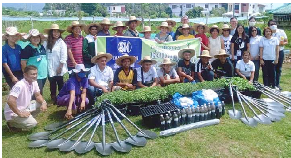
KSK-SAP farmers and partners from San Pablo City, Laguna.

The local farmer-beneficiaries will undergo a two-► LOCAL FARMERS • 5
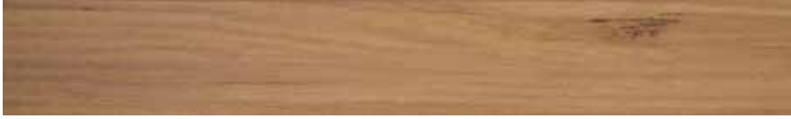
PENINSULA1163 Sorrento Blackbutt
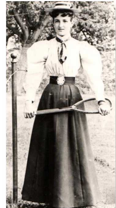
Woman at Tennis Club
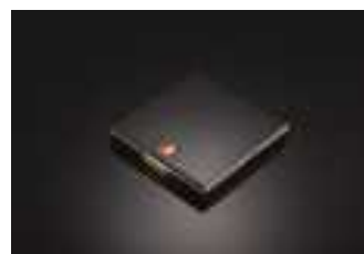
Fig. 9: Powder compact. Cartier, c. 1940-50. Silver, enamel and mirror. 7 x 7 x 1.5 cm. Liang Yi Museum, Hong Kong.

Under the direction of Gérard Boucheron, grandson of Frédéric Boucheron, Boucheron experienced a revival in the early 1940s and consequently produced pieces inspired by flowers and animals to accompany the 'New Look' movement of Christian Dior in 1947. The rectangular nécessaire (cat. 148) and powder compact (cat. 149) are decorated with pierced flora and fauna designs. The powder compact is executed with gold openwork in a beautifully feminine design of birds and flowers accented with rubies; whereas the nécessaire is decorated with a repetitive flower motif. The use of these repetitive patterns reflects the fascination with mechanisation that developed significantly during the war years.
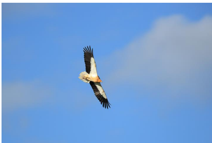
Egyptian Vulture (Bret Charman)

The keen birders in the group undertook the first of regular early morning pre-breakfast walks from the hotel becoming familiar with the local birds. We began the morning with a short walk along a section of path leading to the Hermitage of the Virgin of la Pena. A singing western Bonelli's Warbler was soon heard and glimpsed in the Downy oak woodland along the trail alongside which grew the lovely Brimeura amethystina . With rain starting we retreated to the vehicles pausing under the shelter of the trees to avoid the heaviest downpour.
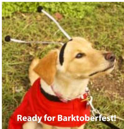
Ready for Barktoberfest!

The gate will open at 8 am, so get there early for the best selection. We'll stay open until everything is gone or noon, whichever comes first! Shelter dogs will be there to say thanks
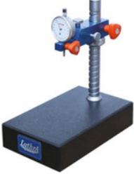
LGS - 9
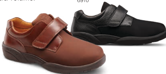
Acorn DD 6920
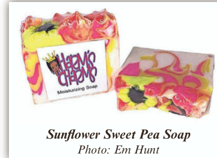
Sunflower Sweet Pea Soap
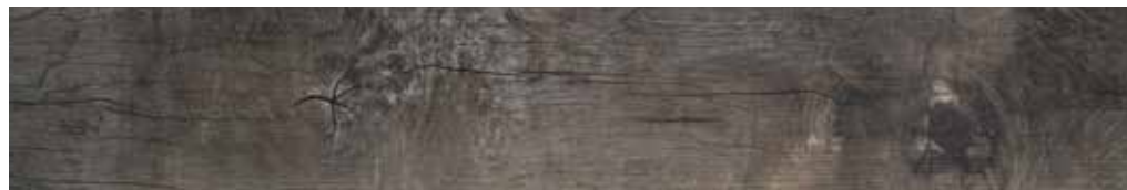
| 8x48 |
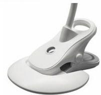
Use with Base

.....

Nothing should appear in the answer except the lines from the first line of the data through the line holding "Egyptian Vulture (Bret Charman)", exactly as written, with pictures left out.

KSK-SAP farmers and partners from San Pablo City, Laguna.

The local farmer-beneficiaries will undergo a two-► LOCAL FARMERS • 5
PENINSULA1163 Sorrento Blackbutt
Woman at Tennis Club
Fig. 9: Powder compact. Cartier, c. 1940-50. Silver, enamel and mirror. 7 x 7 x 1.5 cm. Liang Yi Museum, Hong Kong.

Under the direction of Gérard Boucheron, grandson of Frédéric Boucheron, Boucheron experienced a revival in the early 1940s and consequently produced pieces inspired by flowers and animals to accompany the 'New Look' movement of Christian Dior in 1947. The rectangular nécessaire (cat. 148) and powder compact (cat. 149) are decorated with pierced flora and fauna designs. The powder compact is executed with gold openwork in a beautifully feminine design of birds and flowers accented with rubies; whereas the nécessaire is decorated with a repetitive flower motif. The use of these repetitive patterns reflects the fascination with mechanisation that developed significantly during the war years.
Egyptian Vulture (Bret Charman)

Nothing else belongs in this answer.